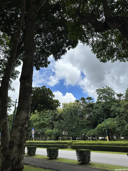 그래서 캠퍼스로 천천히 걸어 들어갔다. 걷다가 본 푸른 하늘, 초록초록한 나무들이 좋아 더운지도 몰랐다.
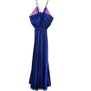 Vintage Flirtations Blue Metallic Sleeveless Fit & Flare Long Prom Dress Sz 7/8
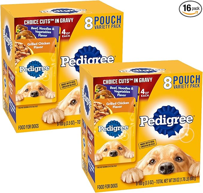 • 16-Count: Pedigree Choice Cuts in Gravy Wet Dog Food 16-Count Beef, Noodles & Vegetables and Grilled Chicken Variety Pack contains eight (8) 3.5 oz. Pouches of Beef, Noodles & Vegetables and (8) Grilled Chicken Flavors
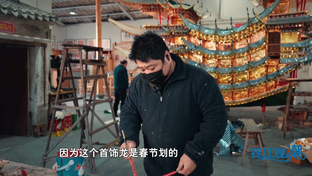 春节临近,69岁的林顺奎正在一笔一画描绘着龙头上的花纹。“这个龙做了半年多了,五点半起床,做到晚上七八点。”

────────────────────

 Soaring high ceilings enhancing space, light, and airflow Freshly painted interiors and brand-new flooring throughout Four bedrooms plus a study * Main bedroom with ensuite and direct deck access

────────────────────

ACTIVITY >> In the records above, find the line with "그래서 캠퍼스로 천천히" and the line with "春节临近,69岁的林顺奎正在", then restate word for word only those two lines and all lines between, omitting pictures.

TASK SOLUTION >>
 그래서 캠퍼스로 천천히 걸어 들어갔다. 걷다가 본 푸른 하늘, 초록초록한 나무들이 좋아 더운지도 몰랐다.
 Vintage Flirtations Blue Metallic Sleeveless Fit & Flare Long Prom Dress Sz 7/8
 • 16-Count: Pedigree Choice Cuts in Gravy Wet Dog Food 16-Count Beef, Noodles & Vegetables and Grilled Chicken Variety Pack contains eight (8) 3.5 oz. Pouches of Beef, Noodles & Vegetables and (8) Grilled Chicken Flavors
 春节临近,69岁的林顺奎正在一笔一画描绘着龙头上的花纹。“这个龙做了半年多了,五点半起床,做到晚上七八点。”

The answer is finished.